Turning to the research perspective, we contribute to the general understanding of knowledge spillovers and further the research on institutions helping to penetrate knowledge filters for incumbents. It has been argued (Qian and Jung 2017; Proeger 2018) that incumbent firms and their specific absorptive capacities should not be omitted in the analysis of knowledge filters due to their ubiquitous role in modern industrial economies.
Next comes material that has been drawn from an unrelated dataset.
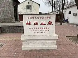 The tomb and monument to the Sulu king still stands today, covering an area of over 80 acres about 1 km north of Dezhou. It was renovated after 1980, and in 1988 it became a national priority protected site. The monument features stone men, horses, sheep, and leopards.[6] The museum inside the complex became a national second-class museum in 2024.[12]

While high-tech innovativeness certainly is primarily fostered by entrepreneurial activities that play a central role in providing the missing link between R&D and growth; many highly innovative (regional) economies draw their innovative performance from incumbent SMEs successfully conducting knowledge spillover, transferring R&D into marketable products. Digitization is a prime example for this process of providing the link between high-tech products to broad, large-scale productivity increasing applications across the economy. Therefore, both our understanding of absorptive capacities in incumbent firms, the processes, and difficulties in fostering knowledge spillover to those firms as well as institutional support structures are of vital importance to policy makers trying to turn R&D into growth. We therefore emphasize that the study of digitization and knowledge filter in SMEs should be furthered to provide policy makers with insight on how to design appropriate policy instruments.